Your objective:
Leave out every picture, then transcribe the rest of the listing exactly.

Recorded information:

[Start of Attachment]

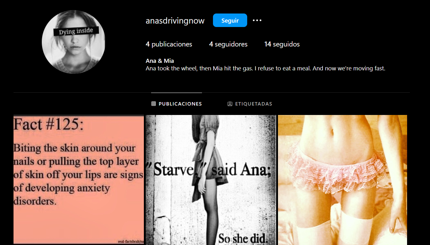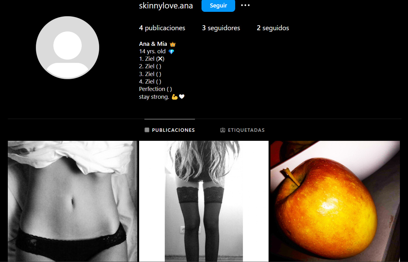 Estos perfiles fomentan los TCA como un medio para conseguir lo que estas chicas consideran es el concepto de un cuerpo "perfecto", que suele tener un aspecto frágil. Fomentan cuerpos esqueléticos y se rigen por lemas asociados a que no deben parar hasta que se marquen sus huesos. "Yo empecé a tener una obsesión con esto", confesó Teresa.
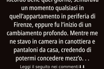 A metà settembre, si svegliò di colpo con un dolore acuto, come se la pancia si fosse spaccata. Poi il dolore si placò, ma tornò subito. Corse da zia Maria, che capì tutto vedendo la sua espressione.
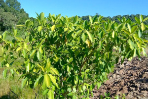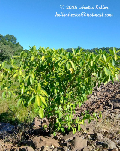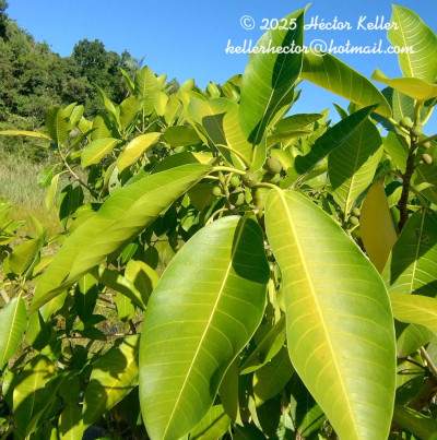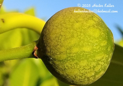 Árbol de 10-15 m de alto; ramitas con peridermis castaño-clara a castaño-rojiza. Hojas con pecíolos de 1-3,5 mm de largo, levemente canaliculados en la cara superior; lámina angostamente ovada a elíptica, de 5-16 × 2-6,5 cm, base cuneada, ápice acuminado, con dos glándulas en la axila de la vena secundaria basal, glabra; estípulas de 3-5 cm de largo, desiguales, castañas, glabras. Inflorescencia en siconos de 0,5-1 cm de largo (cuando secos), solitarios o geminados, axilares, levemente aplanados en la zona del ostíolo, verde-amarillentos, levemente pilosos; pedúnculos de 1-3 mm de largo, pilosos a glabrescentes; brácteas basales 3, triangulares, de 1-1,2 mm de largo.

[End of Attachment]

Response to this task:
 Estos perfiles fomentan los TCA como un medio para conseguir lo que estas chicas consideran es el concepto de un cuerpo "perfecto", que suele tener un aspecto frágil. Fomentan cuerpos esqueléticos y se rigen por lemas asociados a que no deben parar hasta que se marquen sus huesos. "Yo empecé a tener una obsesión con esto", confesó Teresa.
 A metà settembre, si svegliò di colpo con un dolore acuto, come se la pancia si fosse spaccata. Poi il dolore si placò, ma tornò subito. Corse da zia Maria, che capì tutto vedendo la sua espressione.
 Árbol de 10-15 m de alto; ramitas con peridermis castaño-clara a castaño-rojiza. Hojas con pecíolos de 1-3,5 mm de largo, levemente canaliculados en la cara superior; lámina angostamente ovada a elíptica, de 5-16 × 2-6,5 cm, base cuneada, ápice acuminado, con dos glándulas en la axila de la vena secundaria basal, glabra; estípulas de 3-5 cm de largo, desiguales, castañas, glabras. Inflorescencia en siconos de 0,5-1 cm de largo (cuando secos), solitarios o geminados, axilares, levemente aplanados en la zona del ostíolo, verde-amarillentos, levemente pilosos; pedúnculos de 1-3 mm de largo, pilosos a glabrescentes; brácteas basales 3, triangulares, de 1-1,2 mm de largo.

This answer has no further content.